Bester Dokumentarfilm wurde „Familienleben“, das Langfilmdebüt von Rosa Hannah Ziegler. Sie führt auf einen Hof, den eine Mutter mit ihren beiden heranwachsenden Töchtern unter prekären Bedingungen bewirtschaftet. Biggi hat sich von ihrem Lebensgefährten getrennt, der in der Nachbarschaft wohnt. Es kommt zu harschen Auseinandersetzungen. Die trinationale Jury hob die respektvolle Empathie hervor, mit der die Regisseurin eine „Familie am Rande des Nervenzusammenbruchs“ beobachtet und einen „Kosmos von Chaos und trotziger Zärtlichkeit“ ausbreitet – mit Leuten aus einfachen Verhältnissen, die doch zu tiefgehenden Erkenntnissen fähig sind.

Überrascht zu sein schien Barbara Auer, der ein Neiße-Fisch für die beste Schauspielerin zuerkannt wurde.

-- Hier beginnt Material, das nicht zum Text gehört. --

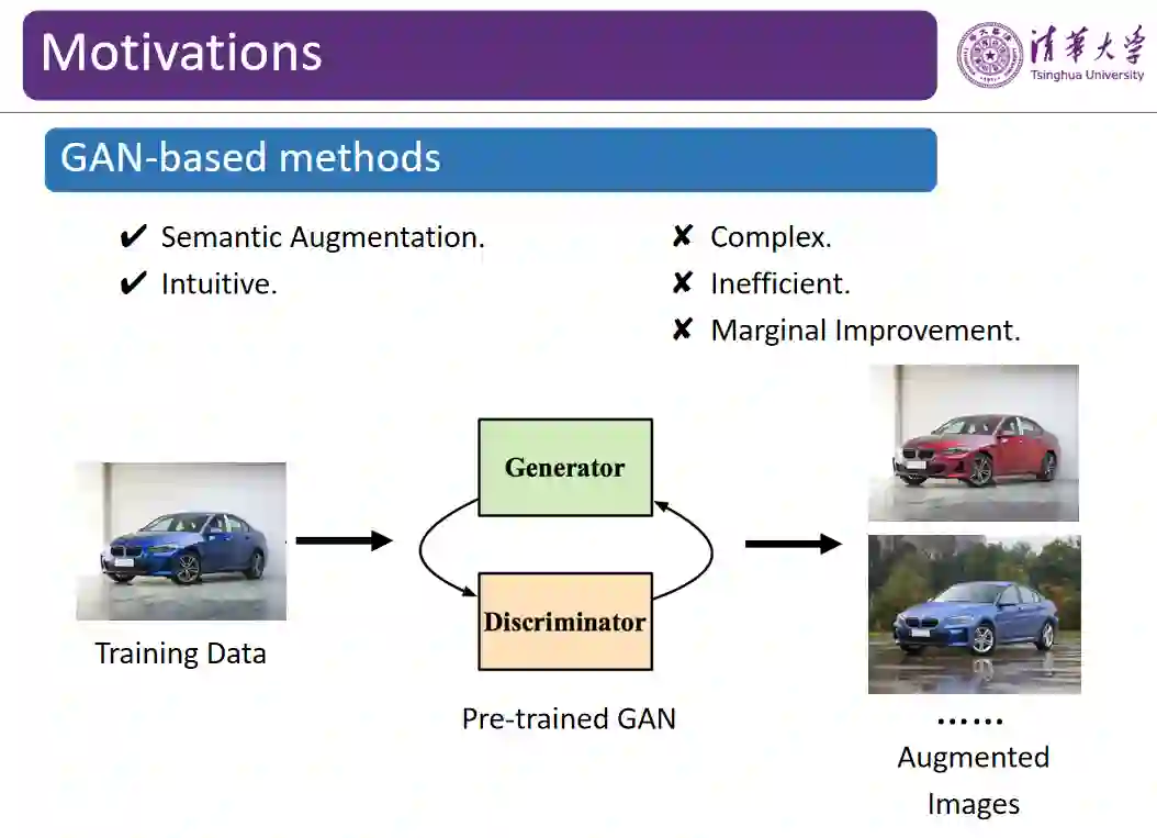 目前,研究人员已经提出了一些进行语义数据增强的方法。例如,利用所有汽车的图像构建一个数据集,从而形成一个数据分布,其中每一类包含数十到数百张图像。我们可以使用该数据集训练一个对抗生成网络(GAN),并利用训练好的 GAN 生成无穷无尽的汽车图像。然而,基于 GAN 的方法存在诸多弊端:首先,GAN 的训练十分困难。该方法将引入大量额外的计算量,其优化过程也十分不稳定。其次,此类方法对模型性能的提升较为有限。通常,数据集中每个类别的图像大致有数十到数百张,而我们只能针对每一个类别训练一个 GAN。尽管我们也可以使用 Conditional GAN(CGAN)类的方法,但是 GAN 生成的图像质量仍然较差。如果我们使用这样生成的数据训练下游的分类器,只能得到微弱的模型性能提升。
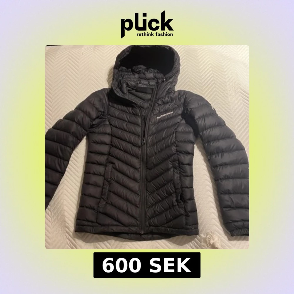 Snygg svart dunjacka från Peak Performance med huva och dragkedja. Perfekt för kyliga dagar med sin quiltade design som ger extra värme. Jackan har en stilren look och passar bra till både vardag och utomhusaktiviteter.
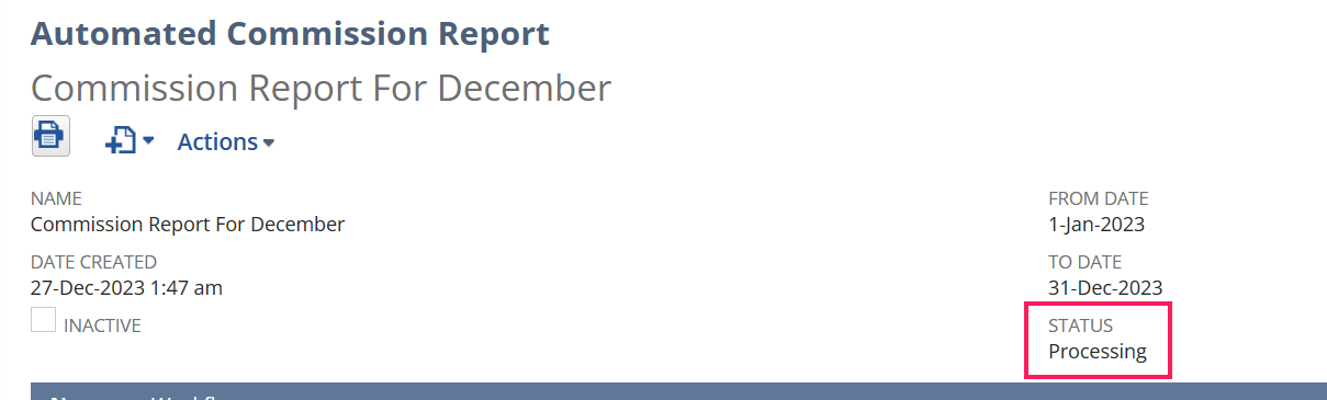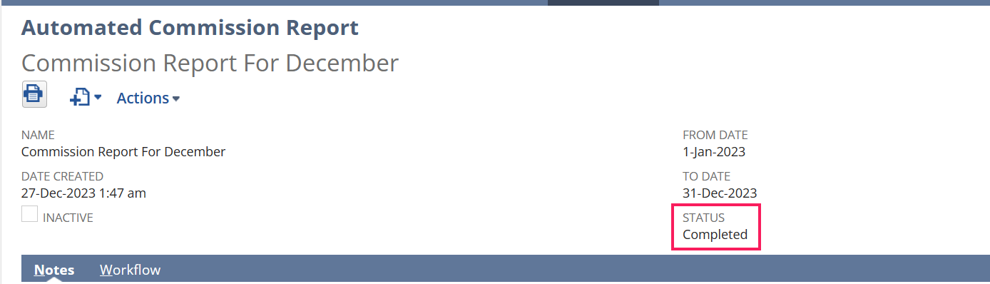 - To flag such invoices, the custom checkbox field on invoice named ‘Commission Report Sent’ will be mark checked once the report is sent to sales rep.
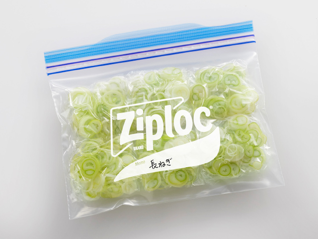 料理時短に!ジップロックで小ネギの冷凍保存。
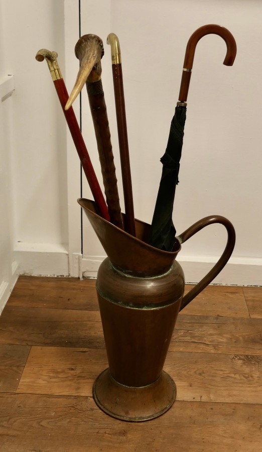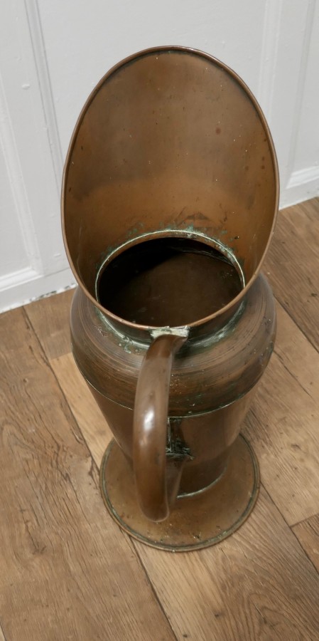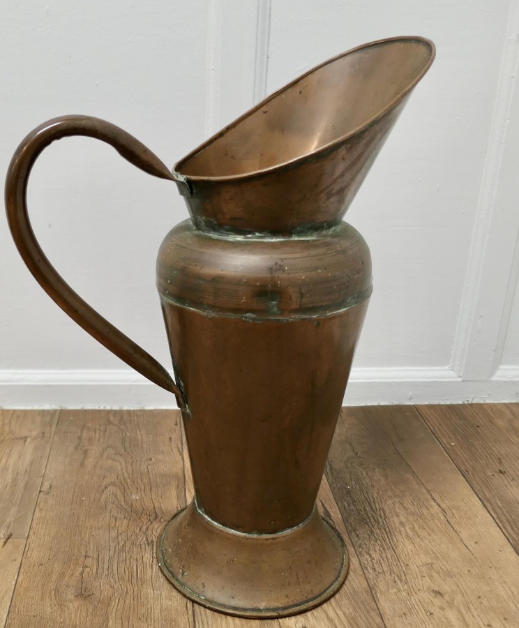 2ft tall Copper Jug Shop Display This is a great piece, it is made in hand beaten copper, which has a beautiful aged colour I expect the Jug was originally an advertising piece for a coffee shop or tea room and all hand made, it is in good condition for its age, it makes a great stick stand The Jug is 23” high, and about 16” from the end of its spout to the outer part of the handle MS79. Manufacture Date : 1880 Materials : Copper

Sie hatte gemeint, nur für die Laudatio auf den Ehrenpreisträger Christian Petzold in Zgorzelec zu sein. In ihrer Rolle in „Vakuum“ der Schweizer Regisseurin Christine Repond spielt sie eine eigentlich glückliche Ehefrau, die von ihrem Mann mit HIV angesteckt wird, und zeigte eine ungewöhnlich große Skala von Gefühlen.

Sie stellte sich auch als Darstellerin in Filmen der kleinen Hommage für den Ehrenpreisträger dem Publikum, wobei es im Zittauer Kronenkino zu Petzolds Anna-Seghers-Verfilmung „Transit“ eine ungewohnt lange und fruchtbare Diskussion gab. Dass man anschließend noch in Großhennersdorf beim Lagerfeuer zusammensaß, hat Petzold genossen.

Hauptdarsteller von „Transit“ war Franz Rogowski, dessen Film „In den Gängen“ (Regie Thomas Stuber) wiederum in Schwerin den Preis der FIPRESCI-Jury erhielt, der ich für den BDMJ angehörte. Die internationale Vereinigung der Filmkritiker, könnte sich durchaus überlegen, ob sie nicht auch beim NFF eine solche Jury nominiert, denn international genug geht es auch in der Neiße-Region zu!